German Free School

The second weekend of October saw the 150th anniversary celebration of the German-Texan Heritage Society‘s headquarters. Perched high on a bluff overlooking Waller Creek, the rammed-earth structure was originally a free school, one of the first established in Austin. Added onto in the 1870s, the school included a residence for the teacher and his family. Today, it’s a great place to research local German history and partake of the Society’s frequent parties and language classes.

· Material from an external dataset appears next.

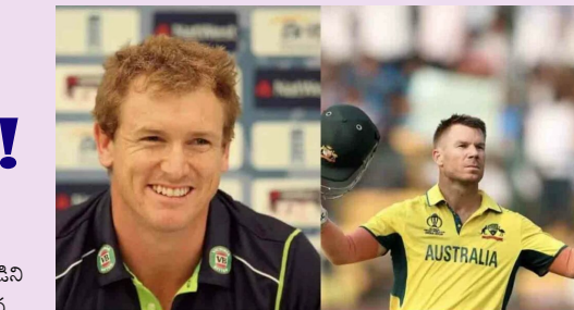
వెల్లడించాడు. రిటైర్మెంట్ యూటర్న్.. ఈమధ్యే వార్నర్ ఇన్ స్ట్రామ్ లో రిటైర్మెంట్ యూటర్న్ గురించి పోస్ట్ పెట్టిన విషయం తెలిసిందే. అందులో తన పునరామనం గురించిన ఆలోచనలు అతడు పంచుకున్నాడు. 'అధ్యాయం ముగిసింది.

'వార్నర్ రిటైర్ అయ్యాడని మాకు తెలుసు. అయితే.. సుదీర్ఘ కెరీర్ లో మూడు ఫార్మేట్ లో ఎన్నో ఘనతలు సాధించిన అతడిని సేము అభినందిస్తున్నాం. ఆస్ట్రేలియా క్రికెట్ కు వార్నర్ చేసిన సేవను కొనియాడుతున్నాం. కానీ, పాకిస్తాన్ లో జరుగబోయే ఛాంపియన్స్ ట్రోఫీలో వార్నర్ ఉండడు. ఎందుకంటే.. జట్టులోకి కొత్త ఆటగాళ్లు వస్తున్నారు. ఇక గైన్ మ్యాక్ క్వెల్, మిచెల్ మార్షెలు ఈ మెగా టోర్నీ ఎంతో కీలకం' అని బెయిలీ

Of German parentage myself, I was commissioned to craft a tour of German Austin for the commemoration. Whereas, the Teutonic influence was felt more strongly in San Antonio and the Hill Country, nonetheless, Austin also benefited quite a bit from German influence and sensibilities. These were evident in the sites our trek visited. First was a drive past the German-American Ladies College and a walk in the Texas State Cemetery. Of high interest there is Elisabet Ney’s sculpture of the fallen general Albert Sidney Johnston. Another off-the-bus stop took us inside Ney’s home and studio, “Formosa,” now a museum dedicated to her fine art. We also viewed Weigl’s Iron Works, the Old Land Office, several other commercial buildings and residences, and, of course, Scholz Garten. A German video crew followed us, preparing a documentary for German TV.

Back at the celebration, the crowd experienced a symbolic tapping of the beer keg, oom-pah-pah music, a kinderchor, folk dancing, and plenty of heffeweitzen und wurst. While I wore no lederhosen, I most certainly enjoyed swilling the suds and speaking Deutsch with many fellow attendees.